It’s like seven in the morning and I’m still a little drunk. I must’ve drank five beers and practically a whole bottle of wine to myself. Julie, on the other hand, stayed pretty damn strong. I’ve never seen an alcoholic only drink three beers, but she’s slowly proving herself to her sister every day. I feel proud, like she’s a part of my family or something.

Family.
I wish. I’ve been trying to get Lena to let me in all week. I help her out with Elijah, with her job, and all she gives me is the silent treatment. Well, I guess I understand a little. I
did
get her pregnant. But I was willing to be there, until the end, if that’s what she wants from me. Shit, it’s all I’ve been thinking about.

I'm checking my phone every ten seconds. Nothing. Always nothing. Then I turn around, fumble for the remote, and I swear I hear and feel a vibration coming from my phone. So, naturally, I pick it up and look for her name flashing across the screen. Nothing.
What the fuck!

I look outside for something to do, anything to pass the time. There's my guns. There's my welding shack. Yet, nothing appeals to me. I've lost all appetite for living. Funny, as soon as she leaves me, I begin to crumble apart. I thought I was stronger than this. I thought I was a SEAL. Well who cares about being strong when you can't have the one you truly love?

After about two hours of being gone, Julie storms into the cabin. Her arms are full of shopping bags, of flowers and chocolates, and everything pink and glittery. “I may have gone above and beyond,” she says, “but we can take back whatever doesn't work.”

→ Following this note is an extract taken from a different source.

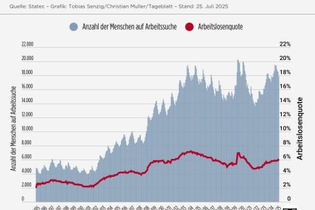 Die Schaffung neuer Arbeitsplätze hat sich zuletzt aber sehr deutlich verlangsamt. Seit Dezember 2024 ist es ein Plus von knapp 3.000 neuen Arbeitsplätzen. Ein deutlicher Rückgang verglichen mit den Vorjahren, als jeden Monat mehr als tausend neue Arbeitsplätze entstanden sind.

“What the hell is this?” I say, examining a piece of frilly pink cloth. “I'm not sure this says, ‘take me back and have my baby.’”

“I said you can return whatever doesn't work,” she swats me away. “Now, do you want my help or not?”

“Sure.” Of course I want her help, but it was my idea to propose. Now, she's making it all girly and unoriginal. “Just make it look like it came from me, okay?”

“Stop micromanaging, Colt. You're being a real pain in my ass. Have a beer or something. Go for a walk. Give me an hour and this place will look beautiful.”

“Fine,” I sigh, “I trust you. But if I hate it, I'm ripping it all down. Hear me?”

“I hear ya,” she smiles. “But I ain't listening.”

I shake my head and close the front door. Looking out onto my porch and listening to the leaves rustle beneath its wood frame, a weird thought pops into my head. What happens if she says yes? What if she takes me back and actually wants to have our baby? I've spent so much time wondering about all of the negatives that I haven't given any of the positive possibilities a chance. It's almost as if I'm subconsciously self-sabotaging. Wouldn't be the first time.

I hear something crash inside, followed by Julie’s hoarse voice. “I'm alright!” she yells.

I chuckle and walk off into the forest. I don't even follow the path. This time, I just walk where my legs lead me. If I follow the same structures as I used to, I’ll fall into the same habits. So my new promise to myself is to keep exploring, to fall off the beaten path into new and unused territory. I'm not Colt, the SEAL anymore. I'm Colt. A new man for a new day.

Finally, I end up at a large boulder that the earth has apparently swallowed up. I walk forward and climb onto its edge. One false move and I could fall to my death. But, of course, I'm calm and decide to lay down.

“Holy shit,” I say aloud to myself. It's the rock she took me to, the one that looks over the whole city. I didn't even realize it until I sat down. Shit, I can't escape her. Can I?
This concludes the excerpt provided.